Exercise input START

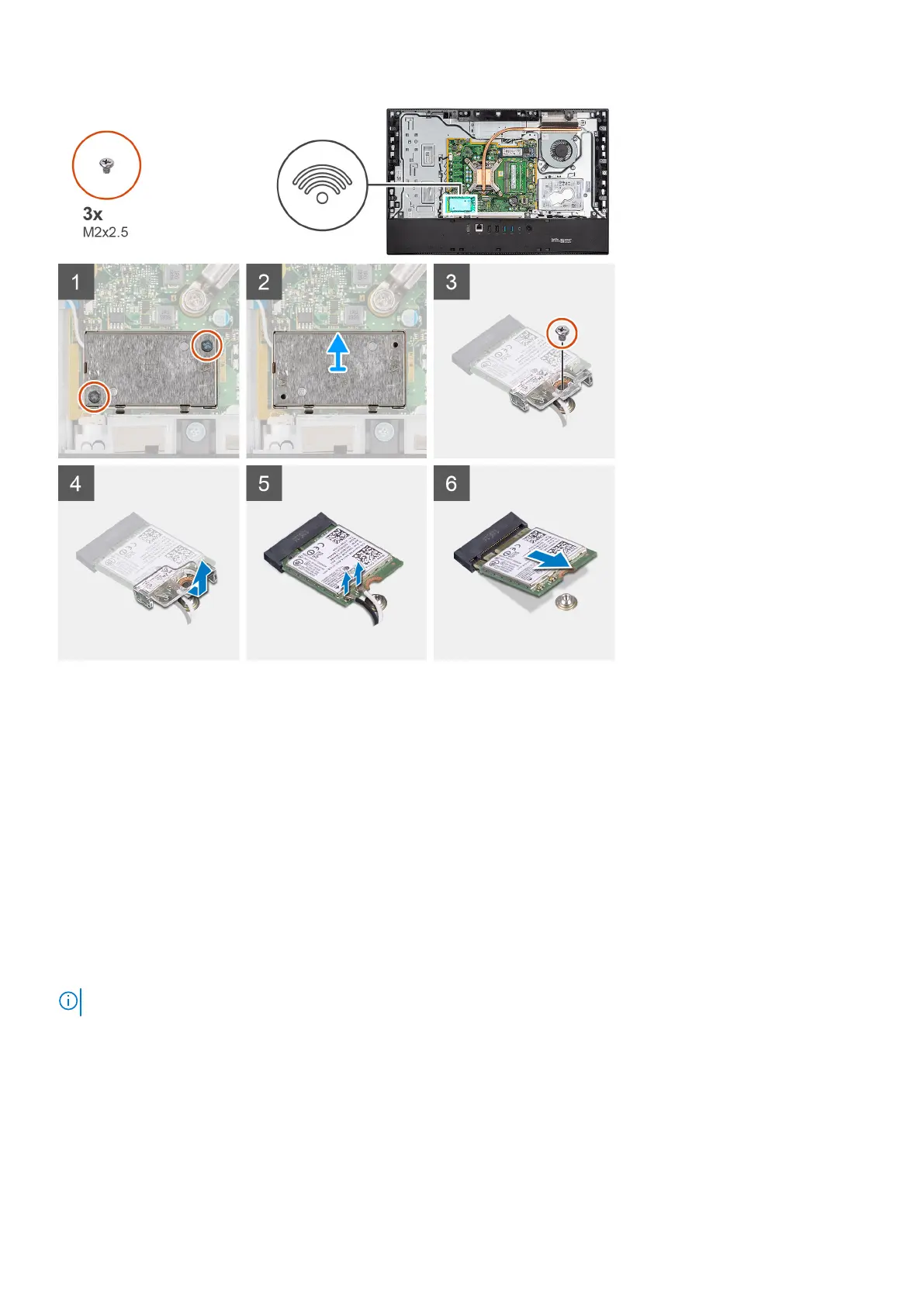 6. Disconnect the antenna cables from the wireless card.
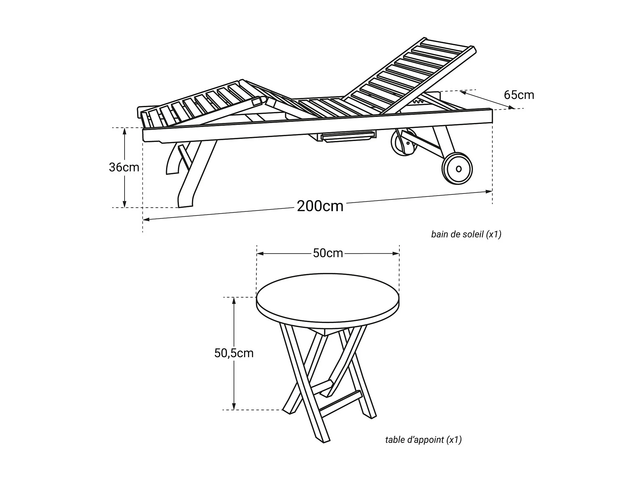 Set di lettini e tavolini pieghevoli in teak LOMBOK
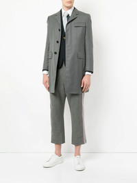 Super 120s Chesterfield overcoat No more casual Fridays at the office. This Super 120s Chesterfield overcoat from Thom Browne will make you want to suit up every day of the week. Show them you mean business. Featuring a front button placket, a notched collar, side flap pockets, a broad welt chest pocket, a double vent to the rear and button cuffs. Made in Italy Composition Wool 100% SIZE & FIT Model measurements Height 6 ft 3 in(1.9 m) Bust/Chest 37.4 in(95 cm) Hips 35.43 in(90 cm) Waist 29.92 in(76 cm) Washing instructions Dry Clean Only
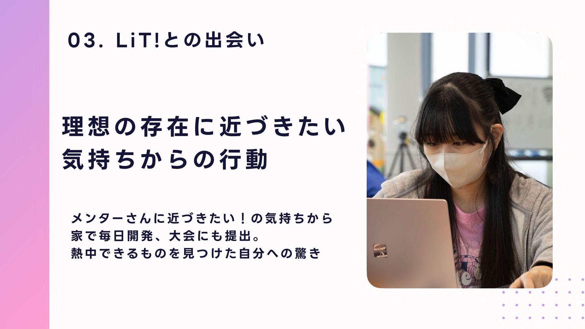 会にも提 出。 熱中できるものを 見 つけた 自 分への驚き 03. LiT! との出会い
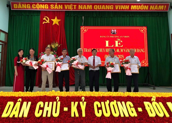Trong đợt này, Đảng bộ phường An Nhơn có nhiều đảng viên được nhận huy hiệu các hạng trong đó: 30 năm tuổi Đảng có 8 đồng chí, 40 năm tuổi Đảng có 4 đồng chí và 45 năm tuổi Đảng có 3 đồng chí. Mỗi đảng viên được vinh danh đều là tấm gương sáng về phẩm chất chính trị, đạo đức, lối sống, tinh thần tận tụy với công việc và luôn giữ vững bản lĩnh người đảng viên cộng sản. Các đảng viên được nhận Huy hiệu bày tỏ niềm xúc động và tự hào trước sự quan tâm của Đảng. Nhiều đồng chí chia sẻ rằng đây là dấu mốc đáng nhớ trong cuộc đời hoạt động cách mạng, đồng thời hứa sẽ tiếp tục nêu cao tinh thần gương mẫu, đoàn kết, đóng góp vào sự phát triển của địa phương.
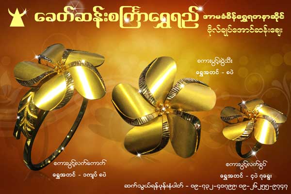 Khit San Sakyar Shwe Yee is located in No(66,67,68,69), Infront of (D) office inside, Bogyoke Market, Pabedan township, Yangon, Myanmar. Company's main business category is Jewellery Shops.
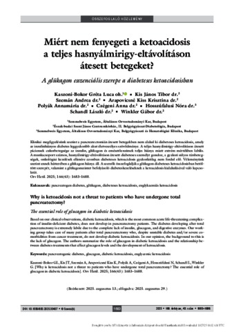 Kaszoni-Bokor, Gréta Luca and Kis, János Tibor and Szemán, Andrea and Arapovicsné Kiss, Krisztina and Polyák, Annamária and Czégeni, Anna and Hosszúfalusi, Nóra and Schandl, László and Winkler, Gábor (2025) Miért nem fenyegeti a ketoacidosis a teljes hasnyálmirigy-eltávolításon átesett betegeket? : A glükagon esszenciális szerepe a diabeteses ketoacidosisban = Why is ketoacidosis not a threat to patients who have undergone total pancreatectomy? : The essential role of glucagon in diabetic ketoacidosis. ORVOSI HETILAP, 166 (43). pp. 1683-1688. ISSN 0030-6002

Exercise input END

▶ [Required work]:
Copy only this from above: the line containing "Super 120s Chesterfield overcoat No", the line containing "会にも提 出。 熱中できるものを", and all lines between, printed exactly. Leave out the pictures.

▶ [Exercise output]:
 Super 120s Chesterfield overcoat No more casual Fridays at the office. This Super 120s Chesterfield overcoat from Thom Browne will make you want to suit up every day of the week. Show them you mean business. Featuring a front button placket, a notched collar, side flap pockets, a broad welt chest pocket, a double vent to the rear and button cuffs. Made in Italy Composition Wool 100% SIZE & FIT Model measurements Height 6 ft 3 in(1.9 m) Bust/Chest 37.4 in(95 cm) Hips 35.43 in(90 cm) Waist 29.92 in(76 cm) Washing instructions Dry Clean Only
 会にも提 出。 熱中できるものを 見 つけた 自 分への驚き 03. LiT! との出会い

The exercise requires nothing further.